I hope she does! I know when I was that age, I was stubborn as could be. I would have been more interested in converting my paycheck into units of “number of video games I could buy.” 🙂
Joel recently posted…We’re on ChooseFI!
This is exactly what I needed to tell my 20 year old self. I hope this helps all the people that still have the chance to take the advice.

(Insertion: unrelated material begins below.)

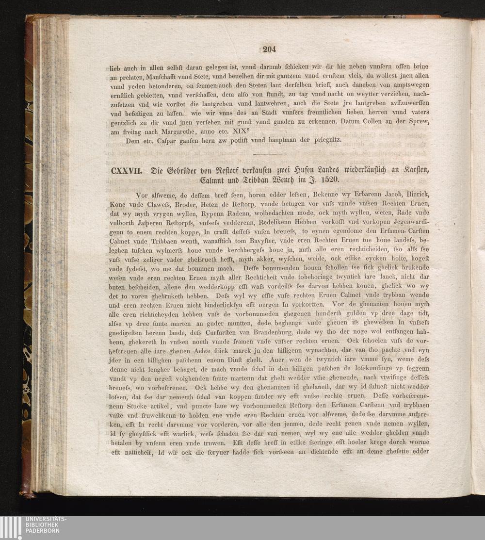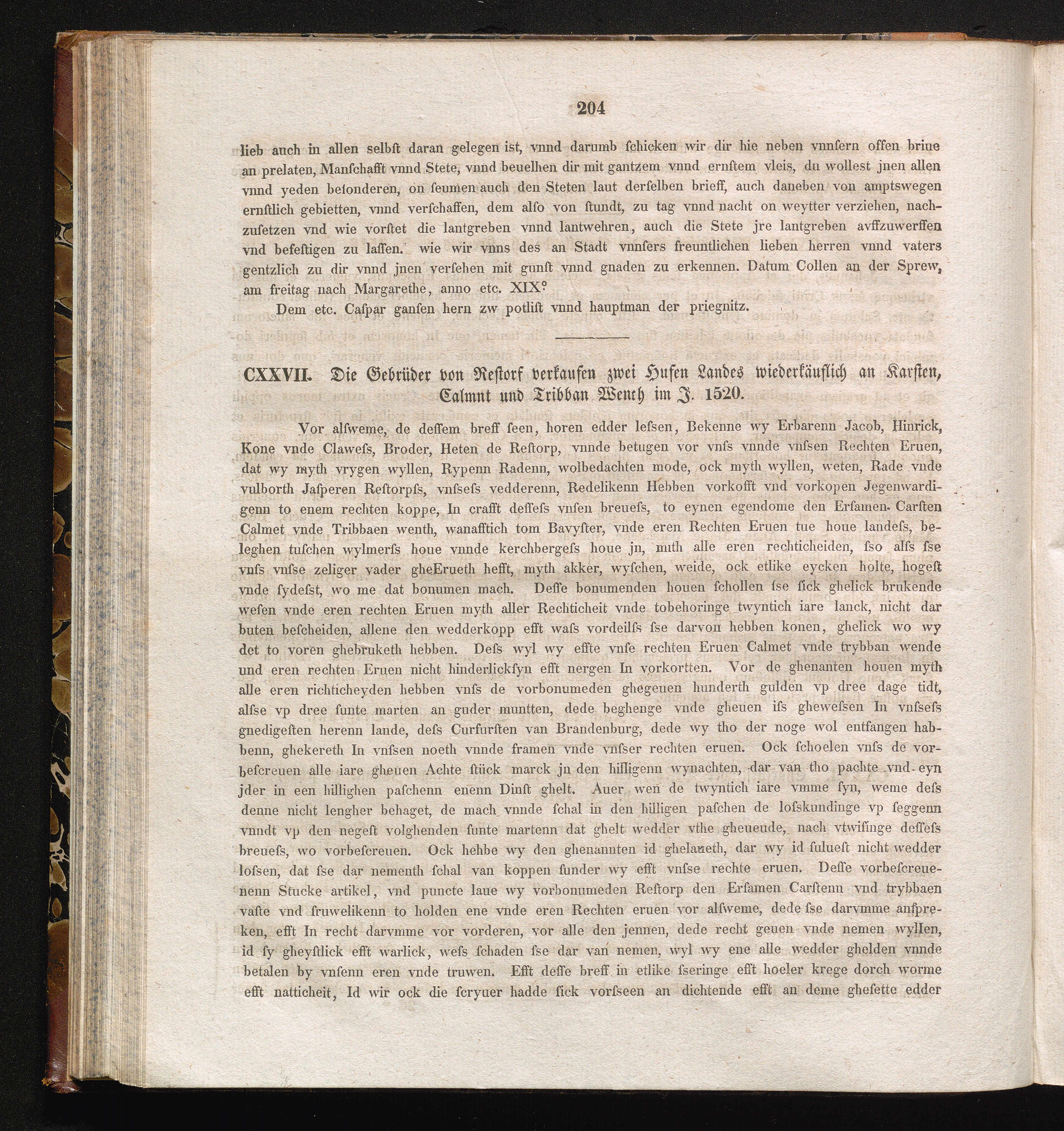 CXXVII. Die gebrüder von Restorf verkaufen zwei Hufen Landes wiederkäuflich an Karsten,[...]

Joel, thanks for sharing this letter that you wrote to yourself. It is so true and so typical of how college students perceive money and their future, but then they find themselves stuck in the hedonic treadmill and find that it is extremely difficult to leave the comfort of their consistent paycheck and daily cubicle. I think this needs to change and we need to inspire people to become entrepreneurs and become the architects of their future.
Good story but ….
Life in college was stressful and it took 12 and 14 hrs days most of the time to keep up with the assignments. What made the difference is that I was much younger and I knew that it was going to end.
The maximum 401K contribution is $18K /yr so it is less than 50% of your salary and not enough to allow saving $400,000 in a few years.
I agree with a frugal lifestyle but it is difficult to know where to draw the line. I believe that a disciplined savings policy throughout your life would be a better advise than trying too hard in your 20’s and 30’s.